# Some Neat Tiger Wood! Oops Snakewood!



## wombat (Jun 10, 2011)

This was my first go with some Tiger wood. I knew there were dark vertical stripes in it, but there also ended being some neat little redish/orange half circles going horizontally. It came out a bit darker then I was expecting, but it just adds to the 'neatness' of the wood. Hope the pics do it justice.

I just realized the package the wood came in was mislabeled. The palm swell is actually snakewood!!

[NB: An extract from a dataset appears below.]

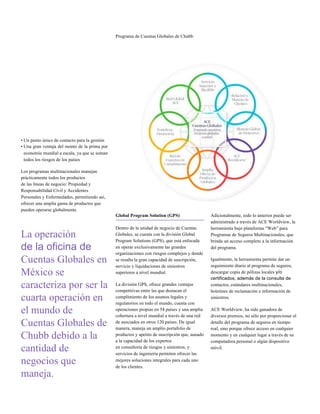 La oficina de Cuentas Globales de Chubb en México es la cuarta operación más grande del mundo, manejando una gran cantidad de negocios internacionales en los cinco continentes. Ofrece programas de seguros multinacionales "Outbound", donde la póliza se emite en el extranjero para empresas transnacionales. Dentro de Cuentas Globales, la división Global Program Solutions se enfoca en grandes organizaciones con riesgos complejos a nivel mundial.

On a Karri 'Albacore' finished with an oil based poly.


----------



## bullseyeben! (Apr 24, 2011)

Beautifull Walter! What's its like to work with? 
As usual, a stunning piece








Cheers!


----------



## Dayhiker (Mar 13, 2010)

Handsome wood. That's a great combination, very warm.


----------



## wood'n'rubber (Jan 25, 2012)

Love the color! Good work! Good pics too!


----------



## rockslinger (Nov 16, 2010)

Very cool!! Nice job!


----------



## Jakerock (Mar 8, 2012)

Applause! So good.


----------



## f00by (May 18, 2010)

very nice wombat. I am start to get jealous of everyone and their 'fancy, fancy' woods.


----------



## Btoon84 (Nov 22, 2011)

Lovely piece my friend! The tiger wood is awesome


----------



## wombat (Jun 10, 2011)

bullseyeben! said:


> Beautifull Walter! What's its like to work with?
> As usual, a stunning piece
> 
> 
> ...


g'day bull. it was nice to work with, sanded up fairly easily. I've got to make one out of Tassie oak now, so I can have a Tasmanian Tiger!!


----------



## Mr.Teh (Feb 28, 2012)

Yeah wonderful, great wood combination, like it


----------



## rosco (Jan 10, 2012)

Fabulous piece. I'm mucking around with fancy timbers now too and just beginning to realise that you need more than just a fancy bit of wood, you need to know how to use it....you know how to use to it!

Top job Batters!


----------



## Sean (Nov 17, 2011)

Lovely slingshots there Wombat. I just gave away a box of the stuff to a knife making friend who needs wood for
his scales.

When I read the title of this thread originally, I was expecting it should've been put in the 'general off topic' and to
be seeing some cool golf shots.


----------



## Chepo69 (May 1, 2010)

Muy chula! looks great!


----------



## Bob Fionda (Apr 6, 2011)

Very nice catty!


----------



## wombat (Jun 10, 2011)

I just discovered the swell is Snake wood and NOT Tiger wood!!! The package was mislabeled.


----------



## Btoon84 (Nov 22, 2011)

wombat said:


> I just discovered the swell is Snake wood and NOT Tiger wood!!! The package was mislabeled.


Unacceptable.


----------



## wombat (Jun 10, 2011)

Btoon84 said:


> I just discovered the swell is Snake wood and NOT Tiger wood!!! The package was mislabeled.


Unacceptable.








[/quote]

Haha yeah I'm disappointed, I had planned to make one with Tasmanian oak so I could have a Tasmanian Tiger!!


----------



## Btoon84 (Nov 22, 2011)

In that case you should be searching for a devilwood tree


----------



## The Warrior (Jan 30, 2012)

Really nice work.


----------



## polarmatrix (Dec 2, 2012)

beautiful. i love the combo/option style. this is the first i've seen since joining last week. will definately add this feature to whatever i make.
cheers,


----------



## ian pearce (Oct 2, 2012)

Lovely slingshot wombat.


----------



## rapidray (Dec 15, 2012)

Very nice slingshot you have there. I like the way the two colors complement each other!


----------